Facial Erosion – perhaps by eating lemons

Fracture of the teeth – commonly the top front teeth, where they are hit my something preferentially, as they are more protruded. I have a fractured corner of a central incisor, due to running into a sliding glass door as I was moving into a new house! If they had only NOT cleaned the glass so well ….

Old crowns and restorations – when the dentist installs crowns into a patient’s mouth, if the opacity, or shape or position of the crowns is poorly chosen, it will have an esthetic impact. On the other hand, they may be nicely done, but over time the gumline recedes and shows a discoloration at the edge of the crowns either due to some metal showing, or because some of the root is showing. In either instance, this is not esthetically pleasing.

Poorly Made Crowns with Receding Tissues showing the margins
Patient with Composite Veneers Placed on Upper Front Teeth

This patient had composite resin veneering done on the canines and incisors. They have a pasty look and the central incisors are bulgy looking compared to how they should look. It is possible that the dentist filled in a space (diastema) between the centrals and made them unnaturally wide as a consequence. The replacement of these with porcelain veneers will be shown in Chapter V.18.


Bottom Line for Esthetic Deviations

The bottom line in this section is that there are variations in the structures in and around the mouth that have impact on our appearance, but that it is our response to this impact that determines whether or not we elect to do something about it. Sometimes it is clear that we will just let things be, and sometimes it is clear that just to be perceived as “normal” we will have to have a procedure done.
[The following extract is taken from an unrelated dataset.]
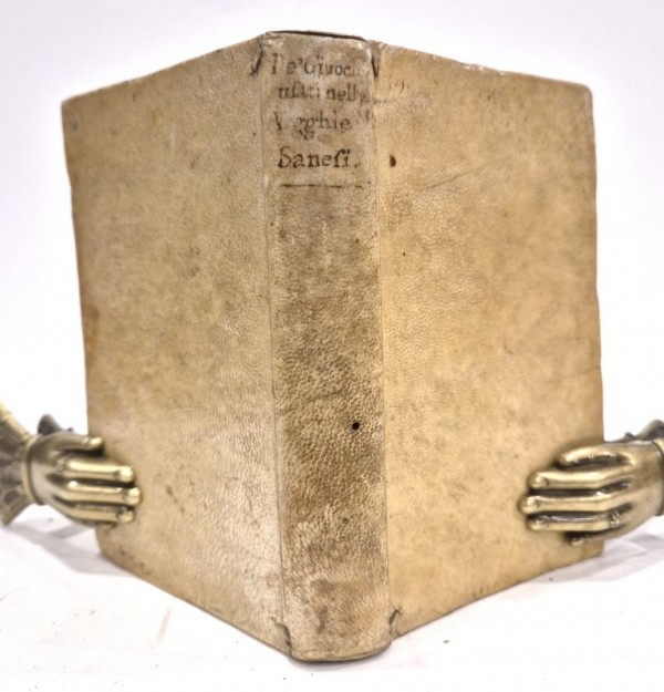 Legatura coeva in piena pergamena, dorso liscio con il primo titolo manoscritto. Ex-libris al contropiatto anteriore dell'Ex Bibliotheca Nicolai Joseph Foucault Comitis Consistoriani. I tomo: 288 pagine numerate. Frontespizio con marca tipografica con cornice ovale silografata e scritta "Tuissima virtus pietas homini", firma manoscritta per antica mano; grandi capilettera e piccoli fregi silografati, all'inizio dei capitoli. Prima edizione del 1572 di quest'opera che ebbe un rilevante successo e venne ristampata più volte. Il dialogo è l'ultimo documento degli interessi giovanili del Bragagli, ed egli infatti lo compose in segno di riconoscenza per l'Accademia degli Intronati nell'allontanarsi, come egli stesso dice nel proemio dell'opera, "da, suoi piacevoli studi". Nella dedica a Isabella de' Medici Orsini, duchessa di Bracciano, l'autore esprime il suo rammarico per la decadenza di certe belle usanze accademiche. II tomo: 22 carte numerate. Frontespizio con marca silografata; grandi testatine, finalini e capilettera silografati a racemi e abitati. Opera di Beolco Angelo detto il Ruzante dal verbo ruzzare che significa scherzare, contenente due Dialoghi dell'autore, spesso anche attore nelle sue commedie. Esemplare in discrete condizioni, ossidazione all'angolo interno della parte inferiore delle prime 25 carte; lieve gora d'acqua su angolo e bordo esterno di buona parte del volume e in particolare verso il termine del libro; nitida l'inchiuostratura.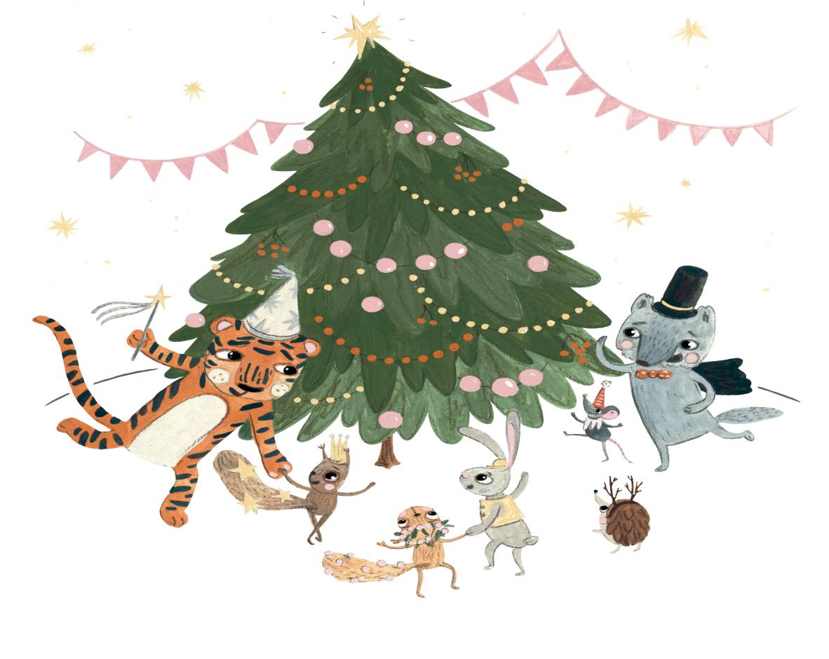 Этот Новый год тигренок встретил в кругу лесных друзей, он не был одинок.

The subject of cosmetic dentistry is a fascinating one. The field really became viable only since I’ve been in dentistry, in the late 80s. It was the advent and acceptance of composite resin restorative materials that opened up this field. One can state that the development of “composites” was the most impactful invention for dentistry since the amalgam, but also, as soon as we had this cosmetic capability, dentists started representing themselves as “cosmetic dentists”, because there is more profit to be made in cosmetic procedures. There was clearly a shift in the center of ethical gravity of the field of dentistry as soon as dentist’s capabilities extended beyond just repair of damage and decay, to the involvement in changing appearance.